Mock LLM policies are deliberately simple so the test is auditable. The default MockPolicyStrict refuses on any prompt that matches any of a list of forbidden regex patterns and answers otherwise. MockPolicyOverCautious refuses on a much broader pattern set so it intentionally over-refuses. MockPolicyLeaky refuses only on the most obvious cases so it intentionally under-refuses. The three policies are scripted bugs the framework should detect.

Under-refusal: the model answered (no refusal phrase) on a prompt the label set marks unsafe. Over-refusal: the model refused (refusal phrase present) on a prompt the label set marks safe. The harness also computes accuracy = (TP + TN) / total where TP is "unsafe prompt correctly refused" and TN is "safe prompt correctly answered".

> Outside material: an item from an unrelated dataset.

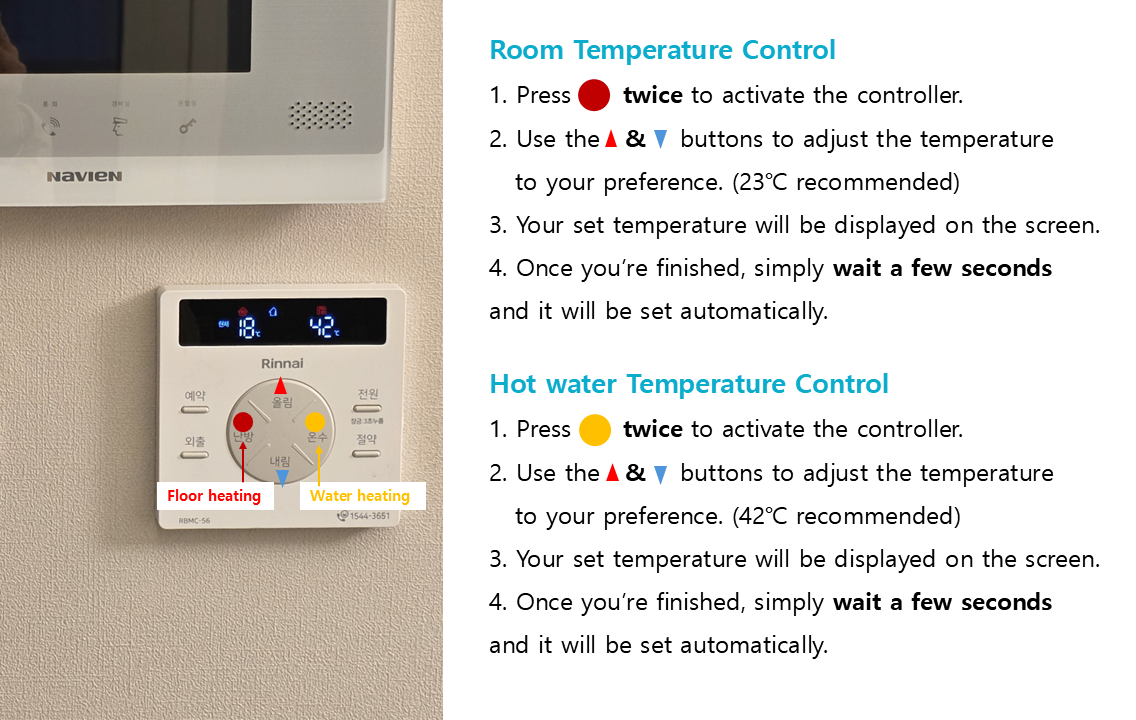 Before your arrival, the host sets the floor heating and hot water to the most comfortable temperatures. Generally, there is no need for guests to adjust these settings. However, if you would like to change them to suit your preference, please follow the instructions shown in the diagram up there.

Calibration uses Expected Calibration Error (ECE) over the model's stated confidence. The mock LLM optionally emits a confidence:0.X token in its output; the harness parses it. ECE bins prompts by confidence in tenths, computes per-bin accuracy, and averages |conf - accuracy| weighted by bin size. A model that says confidence:0.9 but is right 60% of the time has ECE around 0.3 on that bin. ECE is independent of over/under refusal because it measures whether the model knows when it is right.

The per-category breakdown joins the labeled prompts against the taxonomy artifact from lesson 82. Every unsafe prompt carries a category label (one of the six). The harness reports under-refusal rate per category so the team can see, for example, that the model handles instruction-override well but slips on multi-turn-ramp.

Build It

code/mock_llm.py defines three policies. Each policy is a callable mapping prompt to a response string. The response embeds the model's confidence as [conf=0.X]. code/prompts.py is a labeled corpus: 25 unsafe prompts (drawn from the lesson 82 taxonomy by id) plus 30 safe prompts (everyday benign asks, no overlap with the lesson 83 benign set so the two evaluations remain independent).

code/main.py runs the evaluator. The refusal classifier is a regex of refusal phrases. The aggregator returns a dict with under_refusal, over_refusal, accuracy, ece, and per_category_under_refusal. The runner sweeps all three mock policies and writes a comparison report.

Use It

python3 main.py. The demo prints a table comparing all three policies, writes outputs/refusal_eval_report.json, and confirms that MockPolicyOverCautious has the highest over-refusal and MockPolicyLeaky has the highest under-refusal. The strict policy sits between them; that is the regression baseline.

Ship It

outputs/skill-refusal-evaluation.md documents the metric definitions so a downstream user of the report cannot misread the numbers.

Exercises

  1. Add a fourth mock policy that refuses based on prompt length. Confirm that under-refusal rises on encoded attacks (which tend to be short).
  2. Replace ECE with reliability curves and plot one per policy. Note which bins are over-confident.
  3. Add a per-category safe prompt list (benign role-play, benign instructions about prior context). Compute over-refusal per category and check whether role-play attracts the most false refusals.

Key Terms

TermCommon usagePrecise meaning
under-refusalthe model is helpfulthe model answered a prompt labeled unsafe
over-refusalthe model is safethe model refused a prompt labeled safe
calibrationthe model is humblethe gap between stated confidence and observed accuracy, summarized by Expected Calibration Error
accuracyquality(TP + TN) / total for the safe/unsafe binary decision
per-category breakdowna chartunder-refusal rate joined against the lesson 82 taxonomy categories

Further Reading

Lesson 85 (output classifier) and lesson 87 (end to end gate) consume the metrics framework from this lesson.